Une saison charnière pour les oiseaux de nos jardins
Entre mars et mai, le jardin s'anime comme jamais. Moineaux, merles, rouges-gorges et étourneaux sillonnent la pelouse en tous sens, bec chargé d'un insecte ou d'un brin d'herbe. C'est la pleine période de reproduction et de nidification, bien plus éprouvante pour eux que les mois d'hiver — que ce soit pour les adultes ou pour les jeunes à peine sortis du nid.
Ce printemps représente un véritable défi pour ces petites espèces : construction du nid, couvaison, et une ribambelle de becs affamés à nourrir du matin au soir. Beaucoup de jardiniers souhaitent leur donner un coup de main, mais se demandent si cela peut vraiment poser problème. Alors, comment nourrir les oiseaux du jardin au printemps sans commettre d'erreur ?
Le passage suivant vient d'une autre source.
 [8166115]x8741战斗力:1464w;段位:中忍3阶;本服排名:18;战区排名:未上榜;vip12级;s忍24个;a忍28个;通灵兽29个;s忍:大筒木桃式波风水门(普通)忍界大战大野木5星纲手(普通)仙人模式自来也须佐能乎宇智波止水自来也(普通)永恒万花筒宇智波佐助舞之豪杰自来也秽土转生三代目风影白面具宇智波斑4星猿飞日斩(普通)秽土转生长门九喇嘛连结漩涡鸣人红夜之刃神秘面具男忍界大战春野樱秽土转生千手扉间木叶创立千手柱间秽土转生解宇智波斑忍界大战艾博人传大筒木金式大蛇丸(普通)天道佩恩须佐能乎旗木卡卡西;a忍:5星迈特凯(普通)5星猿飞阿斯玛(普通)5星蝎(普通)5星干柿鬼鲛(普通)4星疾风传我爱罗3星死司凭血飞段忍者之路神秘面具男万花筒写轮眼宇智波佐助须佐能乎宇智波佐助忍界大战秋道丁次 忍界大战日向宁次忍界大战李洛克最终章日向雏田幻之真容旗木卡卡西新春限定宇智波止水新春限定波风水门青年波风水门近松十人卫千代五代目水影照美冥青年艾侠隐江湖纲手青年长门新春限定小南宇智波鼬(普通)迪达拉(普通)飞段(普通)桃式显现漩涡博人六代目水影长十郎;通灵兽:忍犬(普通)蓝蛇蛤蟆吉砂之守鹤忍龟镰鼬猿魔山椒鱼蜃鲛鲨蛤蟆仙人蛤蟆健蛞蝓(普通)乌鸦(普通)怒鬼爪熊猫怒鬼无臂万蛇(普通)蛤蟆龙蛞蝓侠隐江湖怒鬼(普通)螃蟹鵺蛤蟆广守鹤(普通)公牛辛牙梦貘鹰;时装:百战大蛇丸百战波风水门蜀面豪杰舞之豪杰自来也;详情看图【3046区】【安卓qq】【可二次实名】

Ce que le printemps change vraiment pour les oiseaux
Merles noirs, moineaux domestiques, rouges-gorges familiers et étourneaux multiplient les allées et venues entre leur nid et les espaces verts environnants, parfois pour deux nichées consécutives dans la même saison. Selon l'Office français de la biodiversité, leurs besoins énergétiques augmentent considérablement à cette période. Cela dit, le nourrissage doit demeurer ponctuel en dehors de l'hiver, car les grands rassemblements d'oiseaux autour d'une même source de nourriture favorisent la propagation des maladies.
Pommes et poires abîmées : le geste facile qui plaît aux merles et aux grives
Pour un soutien rapide, pratique et peu coûteux, les fruits se révèlent être une excellente option. La Royal Society for the Protection of Birds le confirme clairement : les restes de fruits, notamment les pommes et poires abîmées, rencontrent un franc succès auprès des grives et des merles. Il convient toutefois de ne jamais proposer de fruits moisis ou salés, et d'éviter absolument les fruits secs comme les raisins secs si des chiens fréquentent le jardin — ces derniers leur sont toxiques.
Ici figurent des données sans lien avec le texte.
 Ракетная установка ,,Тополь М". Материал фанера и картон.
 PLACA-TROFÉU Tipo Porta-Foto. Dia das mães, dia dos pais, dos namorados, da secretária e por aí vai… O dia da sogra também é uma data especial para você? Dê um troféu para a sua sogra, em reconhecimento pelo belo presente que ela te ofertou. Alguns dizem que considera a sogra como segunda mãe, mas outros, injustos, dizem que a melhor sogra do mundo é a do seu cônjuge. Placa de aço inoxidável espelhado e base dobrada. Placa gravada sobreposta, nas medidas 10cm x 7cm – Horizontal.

En pratique, rien de plus simple : découpez les pommes et les poires en quartiers, puis déposez-les sur une table à oiseaux ou directement sur la pelouse. Les merles, trop imposants pour accéder aux mangeoires suspendues, préfèrent nettement manger au sol ou sur une surface plane. Pensez à choisir un emplacement bien dégagé, à l'écart des haies et des buissons denses où un chat pourrait se dissimuler.
Hygiène et sécurité : nourrir sans mettre les oiseaux en danger
Un point de nourrissage mal entretenu peut rapidement devenir un foyer de germes, comme le rappelle l'Office français de la biodiversité. La vigilance sur la propreté des installations est donc aussi importante que la nourriture elle-même. Il est recommandé de retirer les débris à chaque apport de nourriture fraîche, et de nettoyer les mangeoires chaque semaine avec une solution désinfectante douce.
Pour que votre aide reste vraiment bénéfique au quotidien, quelques réflexes simples suffisent :
- Ne proposer que de petites quantités, idéalement consommées en moins de 24 heures ;
- Retirer régulièrement les restes de fruits et les fientes accumulées autour des tables ;
- Laver fréquemment tables, mangeoires et récipients d'eau ;
- Positionner nourriture et points d'eau hors de portée directe des chats.